Despite the rise of large language models in 2023, generative AI is underrepresented in our literature population, with only five studies assigned to this category. Importantly, generative AI has great potential for intensified use by future research. First, generative algorithms, comparable to semi-supervised and reinforcement learning, allow learning without requiring extensively labeled training data (Goodfellow et al. 2020). Second, generating content may reveal new use cases for business research and practice. To date, many applications of generative algorithms, especially GANs, focus on images (Creswell et al. 2018), but the application area may broaden to other use cases. For example, Krahe et al. (2020) use GANs to process 3D objects represented as point clouds for automated product design. With the increasing possibilities of transformers and large language models, we expect a sharp increase in the generation of use cases soon.

4.2.4 Input Data

Of the 179 total articles assigned to the input data dimension, 73 are assigned to the subcategory of numerical data, 75 to text data, 11 to audio and signal, and 11 to images. We also find nine studies we cannot assign to any of the subcategories of input data, five of which process graph-based data.

The prevalence of text data and the prevalence of NLP in IS research are linked, which reflects a significant interest in the research community. We attribute this to two main reasons. First, NLP can process unstructured data like text. This is a valuable information source for IS research, especially in the age of social media. Second, recent advancements in DL have increased the capabilities of NLP techniques and reinforced interest in ML research (Lauriola et al. 2022). In the literature population, 49 out of the 75 studies assigned to text data show the application of DL techniques. We see this trend confirmed by the recent developments of generative AI tools like ChatGPT that further boost NLP’s capabilities. For example, Drori and Te'eni (2023) discuss the use of large language models for peer-reviewing purposes in academia.

Conversely, the use of images and audio and signal data related to computer vision and speech recognition falls short in our SLR. However, computer vision, especially in the image recognition field, is used more frequently in other research communities, e.g., medicine (Esteva et al. 2021).
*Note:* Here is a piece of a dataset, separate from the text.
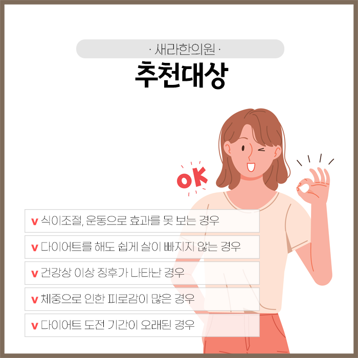 다양한 치료 방법이 결합되어 효과적인 다이어트 결과를 이끌어냅니다. 체중 감량 과정에서 영양소의 결핍이나 불균형이 발생하면 면역력 저하, 기력 감소, 스트레스 증가 등의 부작용이 나타날 수 있습니다. 지나치게 칼로리를 제한하면 에너지가 부족해지고 일상생활에서의 피로감이나 집중력 저하로 이어질 수 있습니다.

For example, CNNs are applied for image-based cancer detection (e.g., Haenssle et al. 2018). Within our literature population, two studies in which image data is processed with AI address health-related issues (Pfeuffer et al. 2023; Zhang and Ram 2020). Another field that provides interesting use cases for computer vision is social media. Shin et al. (2020) use, among others, social media images to predict post popularity.

Therefore, we expect image processing to grow in future IS research based on two arguments. First, computer vision, especially image analysis, yields high maturity. For example, CNNs achieve superhuman performances in image classification tasks (Haenssle et al. 2018). Second, our SLR shows that many IS publications that use AI algorithms tackle health care and social media-related research questions. Both of these fields embrace use cases related to images.
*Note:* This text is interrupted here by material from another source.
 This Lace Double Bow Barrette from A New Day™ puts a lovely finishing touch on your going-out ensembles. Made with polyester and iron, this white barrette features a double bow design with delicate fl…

In the broader management research scope, audio and signal data processing draws less attention. Based on this observation, we make two main arguments. First, the input data format, such as voice recordings, is unusual for management research issues and impractical to handle. Second, even if audio and signal data are required to process voice recordings, researchers can use established software tools to create transcripts and then process them via NLP. Hence, IS researchers may see fewer opportunities to contribute to the field of speech recognition.

4.2.5 Learning Behavior

Goodfellow et al. (2020) state that most of today’s AI approaches are based on supervised ML. We confirm this with our SLR by counting, of 175 assignments in total, 112 to supervised learning, 10 to semi-supervised learning, 47 to unsupervised learning, and six to reinforcement learning.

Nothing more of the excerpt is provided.